ChristopherPrice.net

Using CrashPlan Central to In Unorthodox Ways

I have a problem. My Mac Pro, where most of my files are warehoused stored is on a slow Internet connection. Thanks to the wonders of monopolized Internet territories, I should have speedy uploads in the 2014 – 2016 timeframe, when LTE finally arrives in my area.

My area was supposed to be greenlit with WiMAX by the end of 2010, from Clearwire. They even opened a store in my area, in anticipation. It was a pre-WiMAX market, one of the few Clearwire abandoned. Thanks, guys. The store went out of business when Clearwire started running low on cash, and it became clear they weren’t going to upgrade the towers until LTE landed.

So, I have a problem. I have 1.5 TB worth of stuff to back up to CrashPlan Central, and only 384 kbps of upload speed. I might be able to increase that if I rewire the phone line to my street. No thanks.

Here’s what I did to solve it.

Granted, CrashPlan offers a $125 service wherein you can send in a hard drive with a clone of all your files. $125 to cut someone else’s bandwidth bill? What’s up with that? Instead, I came up with a creative solution.

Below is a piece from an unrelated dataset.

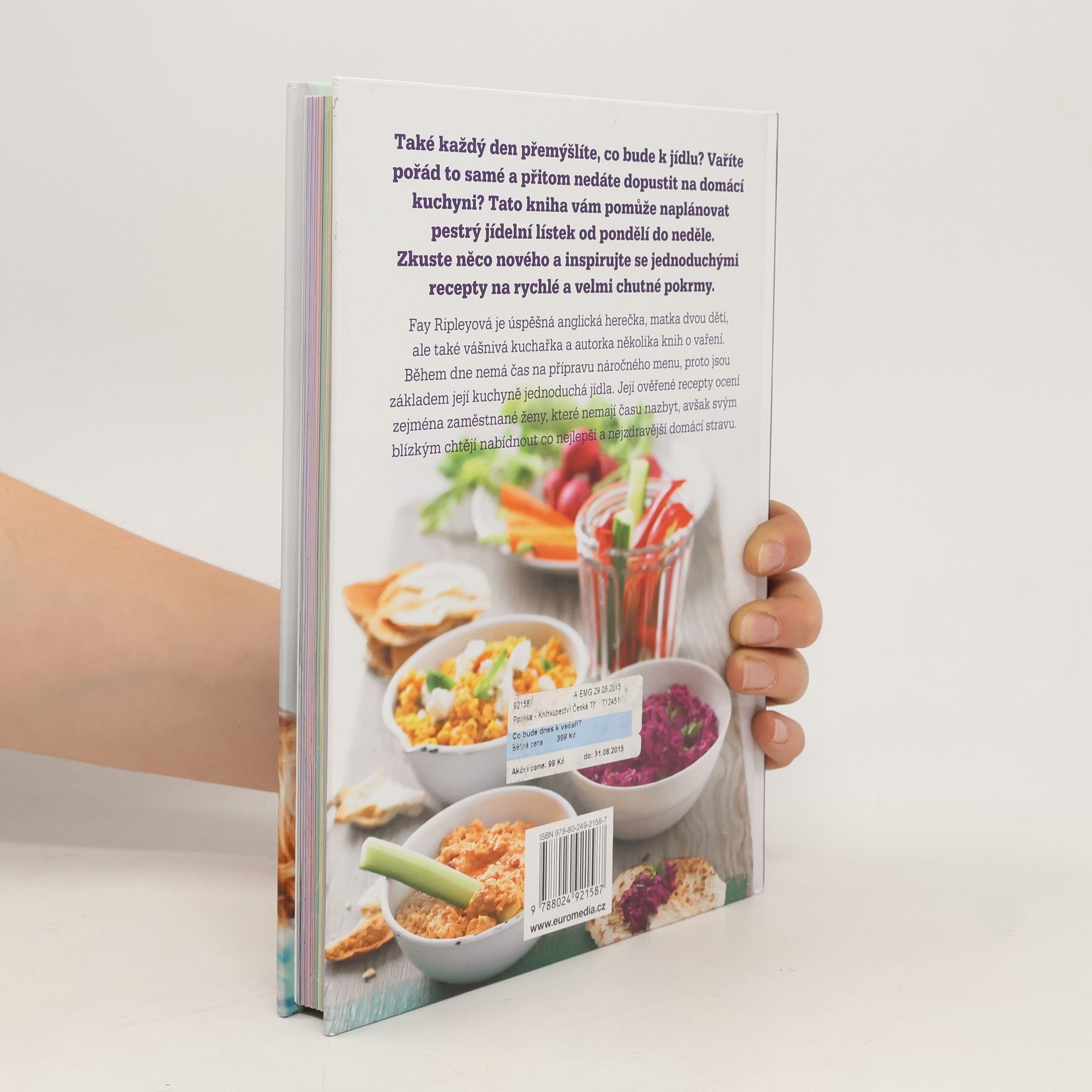 Také každý den přemýšlíte, co bude k jídlu? Fay Ripleyová je úspěšná herečka, matka dvou dětí a vášnivá kuchařka. Během dne nemá čas na přípravu náročného menu, proto jsou základem její kuchyně jednoduchá jídla. 100 jednoduchých a lahodných receptů pro každodenní vaření od pondělí do pátku ocení zejména zaměstnané ženy, které svým blízkým chtějí nabídnout co nejlepší a nejzdravější domácí stravu. Recepty fungují spolehlivě a nezapomínají chytře zužitkovat zásoby ze spíže.

I grabbed a couple of Seagate GoFlex FreeAgent drives, and using FireWire 800, cloned my internal to external drives.

Then, I took my MacBook Air, and using my new Thunderbolt adapter, booted from my cloned FreeAgent drives. Important: Make sure the computer you cloned onto those external drives, is powered off during this process.

Finally, I reconfigured CrashPlan on the external drive, to target all the files that I needed to backup. The partitions on my Mac Pro had been converted to folders off of the main boot drive.

As a result, CrashPlan did take awhile re-seeking every file on the drive, but picked up right where it left off. Since CrashPlan is a block-based backup system, it identified that the files had moved around, and resumed backing up. Since I have OC-3 lines accessible to me (at insanely-great pricing, I might add), it is very easy for me to just open up a laptop in the background, while traveling, and have those at-home machines back up.

Now that my Mac Pro is caught up, I simply turned it back on when returning home, and after a re-sync, it now is backing up only the files that have changed since performing the off-site upload.

Granted, many people don’t have access to OC-3 lines. But, you may have access to an office Internet connection that sits mostly unused all day. Doing this will allow you to avoid paying the $125 to mail a hard drive to CrashPlan.

Note that this process may not work with all online backup services. I only tested it on CrashPlan, but it should work with any other backup service that supports block-based backups.

CrashPlan is an essential tool in my toolkit. Starting at the inexpensive price of $0, I hand it out to all my friends, often which I find have never backed up in their lives. It allows for backing up to a friend’s computer, or to an external hard drive, in a set-it-and-forget-it manner that no other free tool really does well. CrashPlan Central takes it a step farther, allowing for encrypted cloud backups to CrashPlan’s storage servers.